▶ _Problem_: In this exercise, print only the lines from the line with "Ce salon de" to the last line of the data below, inclusive. Any pictures should be left out.

-------- Records shown --------

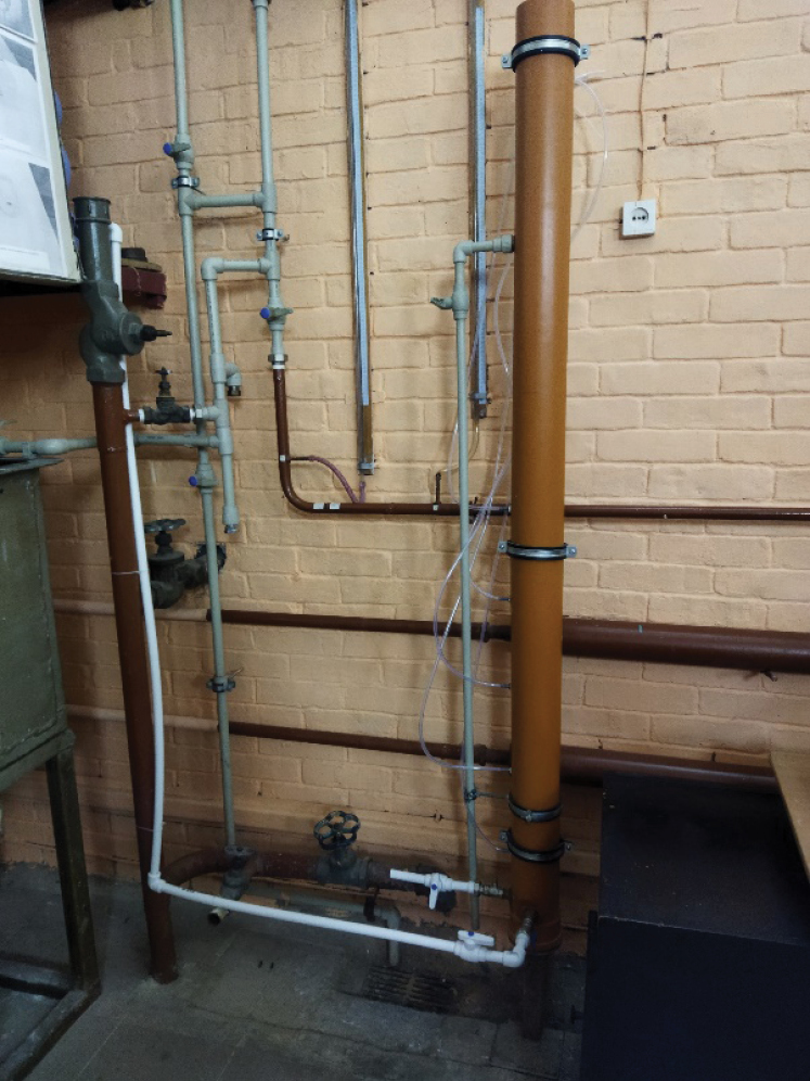 После монтажа фильтровальная установка заполнялась водой и проходила гидравлические испытания на воду (показавшие течь в области дна установки и в местах присоединения врезки трубопровода для опорожнения, врезки трубопровода подачи воды на фильтрование). При этом на установке было отмечено поэтапное прохождение слоев загрузки, появление уровня воды в пьезометрах, начиная с нижнего. При прохождении верхней границы фильтра вода встречается с предварительно подготовленным препятствием в виде пластикового торцевого круга с отверстиями перфорации меньше, чем диаметр зерен загрузки. При этом расстояние от верхней границы до трубопровода отвода фильтрата составило 300 мм. Появившаяся вода в трубопроводе отвода фильтрата при гидравлическом испытании не содержала включений пенополистирольной загрузки, что свидетельствовало о функциональном соответствии смонтированной установки и показывало, что предложенная конструкция по защите от выноса фильтровальной загрузки работает должным образом и все отверстия выполнены корректно.
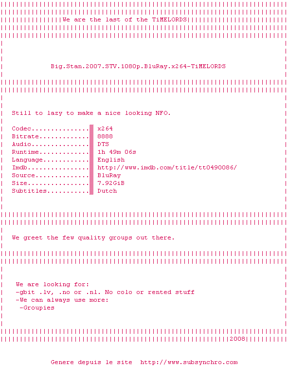 | Voir le nfo de la release Big.Stan.2007.STV.1080p.BluRay.x264-TiMELORDS | TiMELORDS | Big.Stan.2007.STV.1080p.BluRay.x264-TiMELORDS OpenSubtitles | 0 fichier |
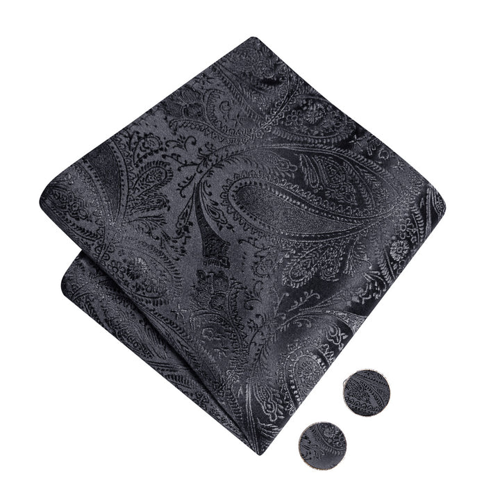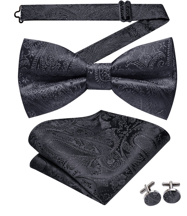 Ties2you Charcoal Grey Paisley Bowtie Pre-tied Bow Tie Handkerchief Cufflinks Set
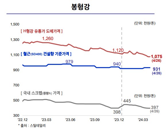 현대제철은 최근 몇 가지 중요한 이슈에 직면해 있음. 2024년 1분기 실적 발표에 따르면, 연결 매출은 5,948억 원으로 전년 동기 대비 7.0% 감소했음. 이는 글로벌 철강 수요 부진과 국내 건설업황 악화에 기인함. 또한, 봉형강 부문의 실적이 인허가 및 착공 면적 감소로 인해 부진함.
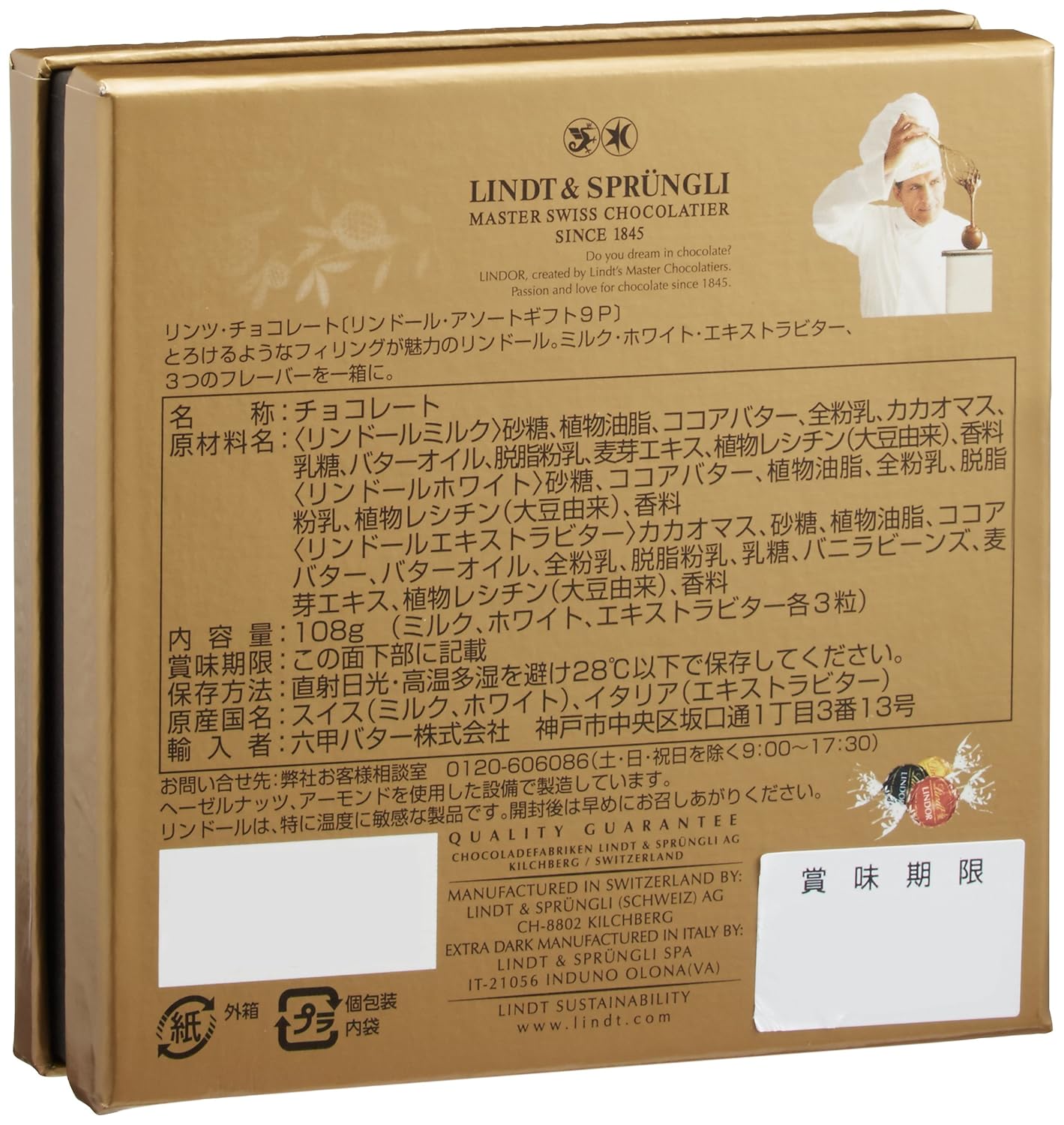 原材料:〈リンドールミルク〉砂糖、植物油脂、ココアバター、全粉乳、カカオマス、乳糖、バターオイル、脱脂粉乳、麦芽エキス、植物レシチン(大豆由来)、香料〈リンドールホワイト〉砂糖、ココアバター、植物油脂、全粉乳、脱脂粉乳、植物レシチン(大豆由来)、香料〈リンドールエキストラビター〉カカオマス、砂糖、植物油脂、ココアバター、バターオイル、全粉乳、脱脂粉乳、乳糖、バニラビーンズ、麦芽エキス、植物レシチン(大豆由来)、香料
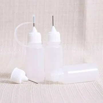 Show more Discover the ultimate tool for precision crafting with our 10 Pieces Precision Tip Applicator Bottle set. Each bottle is expertly assembled by hand to guarantee the highest quality and performance that crafters deserve. The flexible design allows for easy squeezing, making it an ideal instrument for dispensing thin liquids and glue with utmost accuracy. Whether you're into paper quilling, DIY crafts, or various artistic projects, these needle tip squeeze bottles will enhance your creative process.
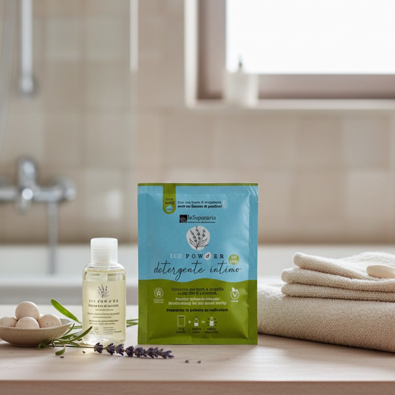 Con la sua formula in polvere, basta versare il contenuto della busta in un flacone, aggiungere acqua e si ottiene così un detergente intimo pronto all’uso. In questo modo puoi riutilizzare lo stesso contenitore all’infinito, riducendo rifiuti e imballaggi superflui. Un piccolo gesto quotidiano che fa bene all’ambiente e rende la routine di tutta la famiglia più sostenibile.
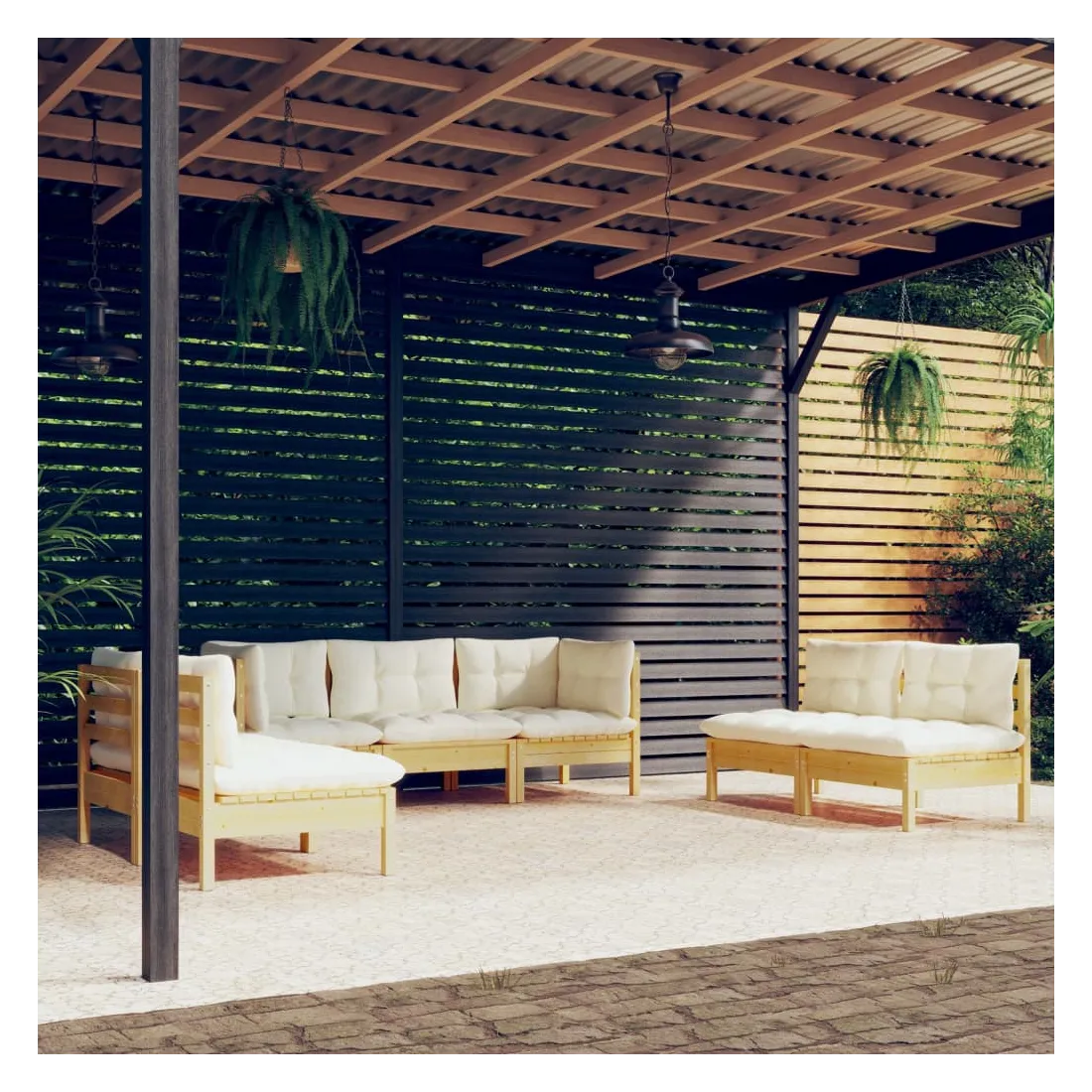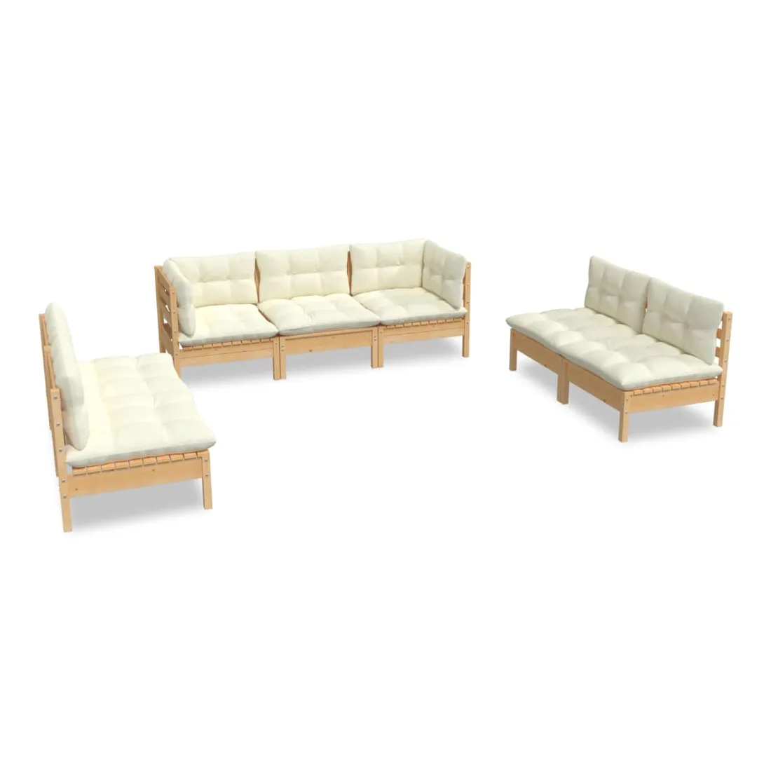 Ce salon de jardin est un excellent choix pour vous détendre et profiter du beau temps, faire une sieste ou discuter avec votre famille ou vos amis. Le salon de patio est fabriqué en bois de pin massif, ce qui le rend robuste et stable. Les coussins ajoutent un confort supplémentaire. Vous pouvez le combiner avec d’autres segments modulaires pour créer vos propres configurations de salon de jardin ! Remarque : afin de prolonger la durée de vie des meubles d'extérieur, nous vous recommandons de les protéger avec une housse imperméable.
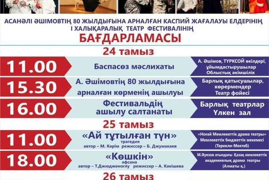 Avqustun 24-dən 28-dək Qazaxıstanın Aktau şəhərində Xalq Artisti Asanali Aşimovun 80 illiyinə həsr olunan Xəzəryanı Ölkələrin Birinci Beynəlxalq Teatr Festivalı keçiriləcək. Azərbaycanı Beynəlxalq tədbirdə “Yuğ” Teatrı təmsil edəcək. Teatrdan “Olaylar” -a bildirilib ki, festivalda rejissor Mikayıl Mikayılovun quruluş verdiyi “Medeya. Sekvensiya 001.” tamaşası nümayiş olunacaq.

--------

▶ _Answer section_:
 Ce salon de jardin est un excellent choix pour vous détendre et profiter du beau temps, faire une sieste ou discuter avec votre famille ou vos amis. Le salon de patio est fabriqué en bois de pin massif, ce qui le rend robuste et stable. Les coussins ajoutent un confort supplémentaire. Vous pouvez le combiner avec d’autres segments modulaires pour créer vos propres configurations de salon de jardin ! Remarque : afin de prolonger la durée de vie des meubles d'extérieur, nous vous recommandons de les protéger avec une housse imperméable.
 Avqustun 24-dən 28-dək Qazaxıstanın Aktau şəhərində Xalq Artisti Asanali Aşimovun 80 illiyinə həsr olunan Xəzəryanı Ölkələrin Birinci Beynəlxalq Teatr Festivalı keçiriləcək. Azərbaycanı Beynəlxalq tədbirdə “Yuğ” Teatrı təmsil edəcək. Teatrdan “Olaylar” -a bildirilib ki, festivalda rejissor Mikayıl Mikayılovun quruluş verdiyi “Medeya. Sekvensiya 001.” tamaşası nümayiş olunacaq.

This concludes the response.